Up in the North East, a mini revolution is underway. Frustrated by three previous owners leaving their club on the precipice of oblivion, the fans of Darlington FC are trying to take over the club themselves.
In reality, the troubled North East club doesn’t have much alternative. They were placed into administration at the start of the year and with only matchdays as a source of income, the prospect of liquidation loomed menacingly above Darlington FC.
Indeed, on January 18, 2012, the club was declared dead on the operating table, only for fans to resuscitate it with a £50,000 injection to buy time to look for a buyer.
All attempts to buy the club have ended in failure, either through investors losing interest or being unable to agree a deal with the club’s biggest creditor, former chairman and most recent owner, Raj Singh.
That meant the fans, lead by an enthusiastic rescue group, are taking the unprecedented step of trying to buy the club themselves and run it as a sustainable community venture.
The club needs £750,000 to pay off its creditors, come out of administration and start up for next season, although £600,000 would make the Quakers viable.
At the time of writing, £130,000 had been raised inside two days, with a backlog of payments still to be processed.
The plan revolves around a share issue.
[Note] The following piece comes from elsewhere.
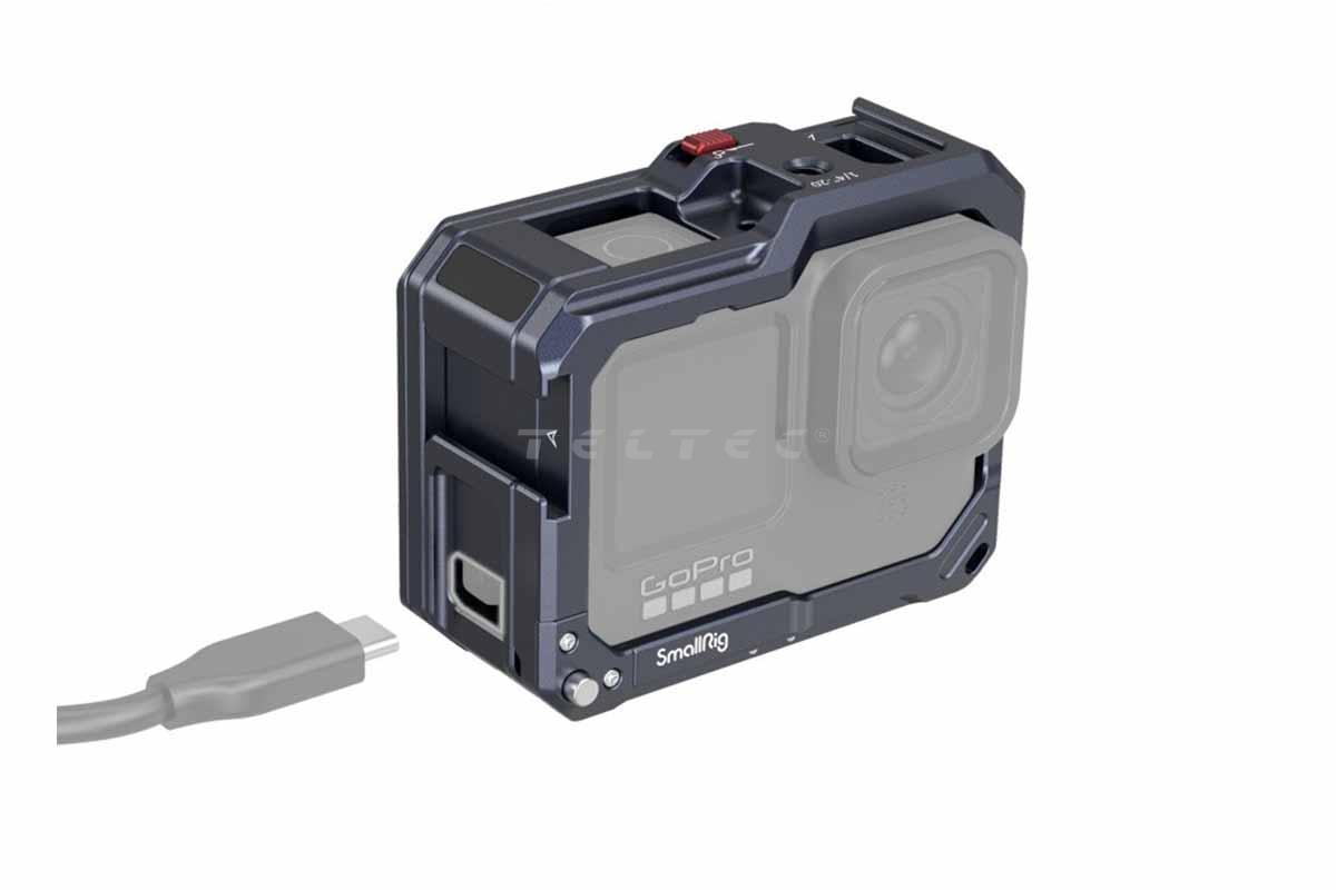 Der SmallRig 3084C Cage für GoPro Hero 12 / 11 / 10 / 9 Black ist ein geschlossener GoPro Hero-Käfig. Er bietet gleichzeitig Schutz für die Kamera und auch Halterungen für Zubehör, ohne dabei wichtige Stellen zu blockieren. So verfügt er etwa über zwei Zubehörschuhe an der oberen und der rechten Seite, die mit einem Mikrofon und einer LED-Videoleuchte kompatibel sind. An der Unterseite dagegen befindet sich eine GoPro-Halterung und eine 1/4"-20-Gewindebohrung, die Original-GoPro- oder auch SmallRig-Zubehör unterstützen. Die Seitenplatte kann schnell und einfach verriegelt und auch wieder abgenommen werden, um so den USB-C-Anschluss freizugeben.
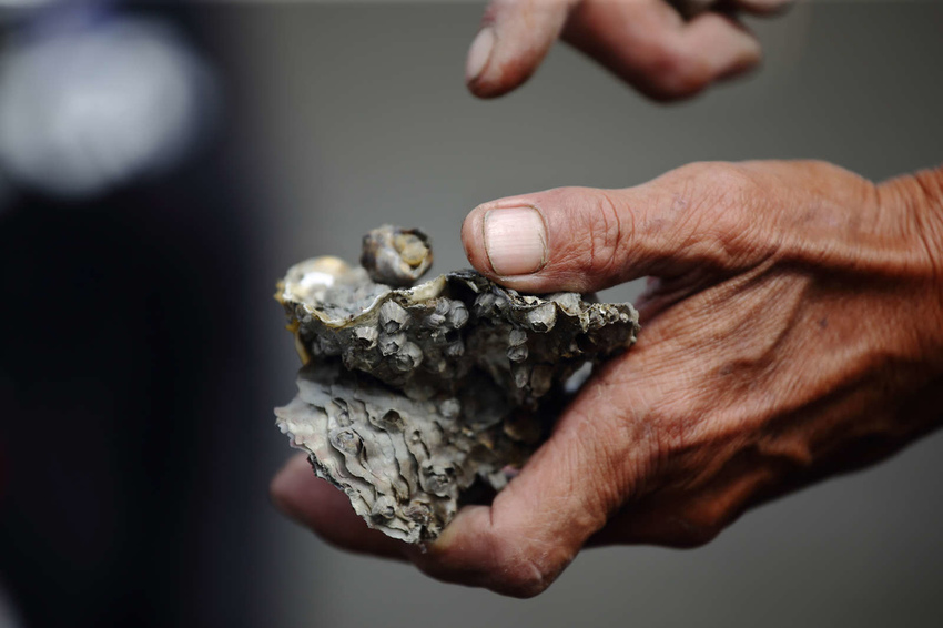 大哥介紹蚵苗養殖方式,分析雲嘉南養蚵和芳苑王功地區養蚵方式不同,「海牛」是早期彰化芳苑載運蚵農前往潮間帶採蚵的牛隻,

Fans and businesses can buy shares for £100 each, which entitles them to one vote in matters such as electing a board of directors.
Fan ownership is nothing new. The example of AFC Wimbledon, set up by fans outraged at the seizing of Wimbledon and it being transported a few dozen miles north to become MK Dons, shows fan ownership can be a success. After an existence of less than 10 years, AFC Wimbledon are now a football league club. League One sides Exeter City and Brentford are also owned by their fans.
But the difference with Darlington is that it’s a rejection of a previous model for running a football club. Before this attempt at fan ownership, Darlington FC had been owned by an individual. One man calling the shots, one man making the mistakes and one man running away when everything goes wrong.
While having one benefactor is logistically the simplest way of owning a club, it is also the most volatile. If the sole benefactor has problems themselves, they can turn off the flow of money into the club, leading to a financial catastrophe.
But there are also democratic problems. If the owner wants to do something, there isn’t anyone who can forcibly dissuade them from doing so.
Taking the example of Darlington, when the egotistical buffoon George Reynolds decided he wanted a ridiculously oversized stadium for the club to play in, some people had their doubts. But because Reynolds was in complete control of the club, and wasn’t the sort of man who changed his mind, the stadium was built. One person with sole control can easily cut everyone else, including the fans, out of the decision making process.
That’s not to say fan ownership doesn’t have its limitations. For a start, it can be financially restrictive. It’s unlikely the fans of the club are going to be able to raise millions of pounds to fund an all-conquering side that will storm the league.
This means a manager needs to be shrewder in the transfer market; successful bargains are blessings for a fan owned club.
In turn, this raises doubts as to the viability of fan ownership for the bigger clubs, certainly towards Premiership level. Fans of Manchester City are unlikely to have been able to raise the hundreds of millions of pounds needed to fund the side’s frankly absurd spending spree. Not in the same way one wealthy Arab sheikh could.
But the biggest positive to fan ownership is that it is the fans who have the strongest affinity to the club. They care about it more, know its strengths and limitations, and will work harder to make it a success.
Before taking over at Manchester City, it’s highly doubtful Sheikh Mansour had any real connection to the club.
A lack of connection to the club makes it easier to just walk away when financial problems occur. Fans of a club would not just walk away in the way someone with no connection to the club could.
The world of football will be watching events in the North East with a keen eye. If Darlington fans raise the funds to buy their club, and can then run it sustainably and successfully, fan ownership may be a model other clubs explore.
At a time when more clubs than ever seem to be engulfed in economic strife, fan ownership could seem like a more viable and a more attractive alternative to the single benefactor model.